● **Exercise**: Shown below are entries with pictures; the line with "Turquoise Sweetheart Brush" through the line with "Calender Month |" is the span to retype exactly, and the pictures stay out.

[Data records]

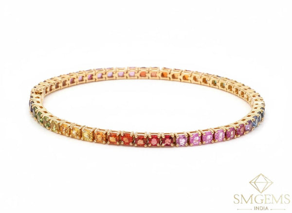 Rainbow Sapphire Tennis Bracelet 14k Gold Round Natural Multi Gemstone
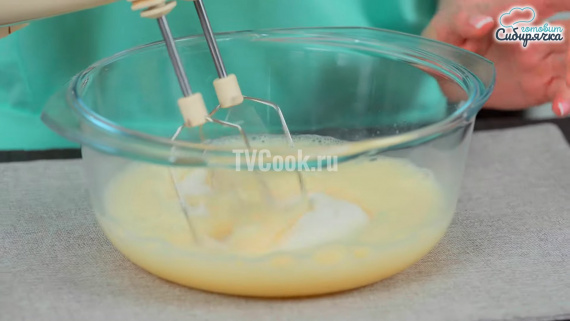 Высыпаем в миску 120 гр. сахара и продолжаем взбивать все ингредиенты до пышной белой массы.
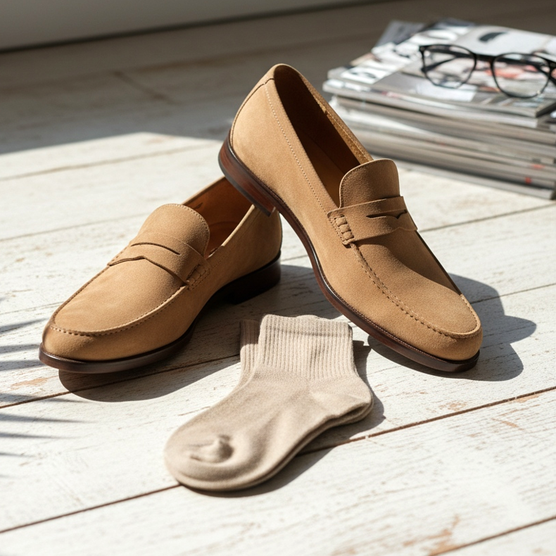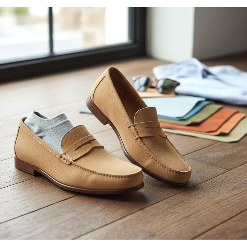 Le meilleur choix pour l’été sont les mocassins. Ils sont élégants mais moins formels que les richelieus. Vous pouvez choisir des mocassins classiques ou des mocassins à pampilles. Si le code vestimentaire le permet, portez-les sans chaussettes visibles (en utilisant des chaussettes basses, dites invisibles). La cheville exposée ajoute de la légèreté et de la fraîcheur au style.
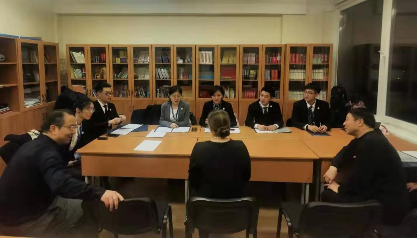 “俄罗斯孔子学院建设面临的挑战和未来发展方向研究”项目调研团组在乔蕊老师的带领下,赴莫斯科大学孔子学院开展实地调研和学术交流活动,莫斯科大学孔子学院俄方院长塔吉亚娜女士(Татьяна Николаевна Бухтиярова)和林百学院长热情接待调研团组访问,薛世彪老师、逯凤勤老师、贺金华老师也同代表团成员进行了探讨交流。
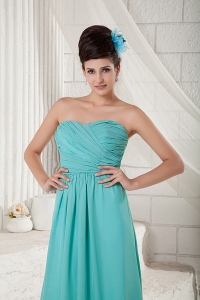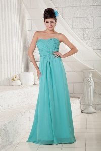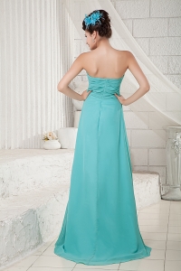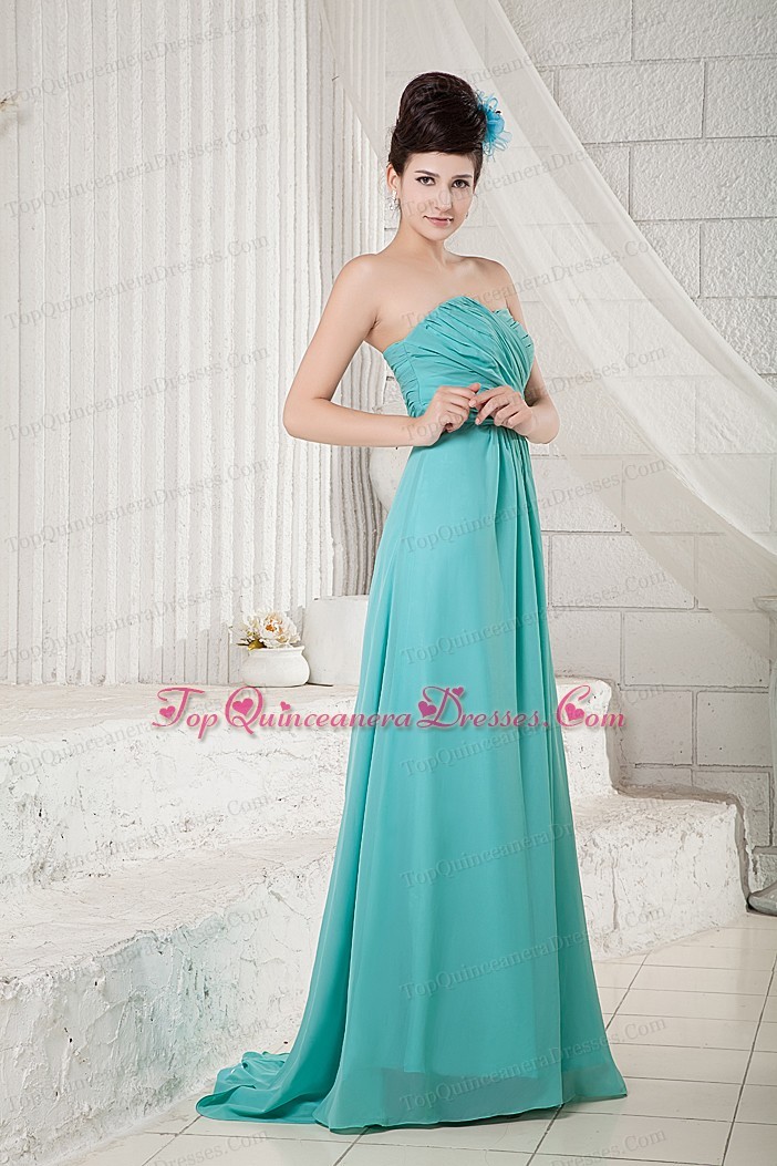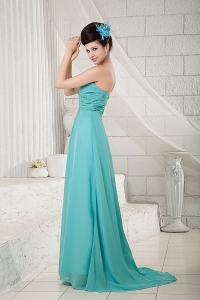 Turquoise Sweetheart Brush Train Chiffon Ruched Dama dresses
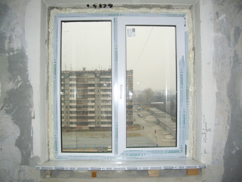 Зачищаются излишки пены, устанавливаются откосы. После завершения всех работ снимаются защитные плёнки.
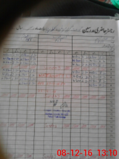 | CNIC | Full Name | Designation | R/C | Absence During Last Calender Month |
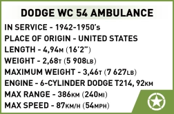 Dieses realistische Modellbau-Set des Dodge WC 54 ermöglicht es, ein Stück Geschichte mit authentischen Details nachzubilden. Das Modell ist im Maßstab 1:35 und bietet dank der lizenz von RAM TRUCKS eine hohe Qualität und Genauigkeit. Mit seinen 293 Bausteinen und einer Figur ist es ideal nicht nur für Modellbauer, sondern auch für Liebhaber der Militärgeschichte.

● **Result of this exercise**:
 Turquoise Sweetheart Brush Train Chiffon Ruched Dama dresses
 Зачищаются излишки пены, устанавливаются откосы. После завершения всех работ снимаются защитные плёнки.
 | CNIC | Full Name | Designation | R/C | Absence During Last Calender Month |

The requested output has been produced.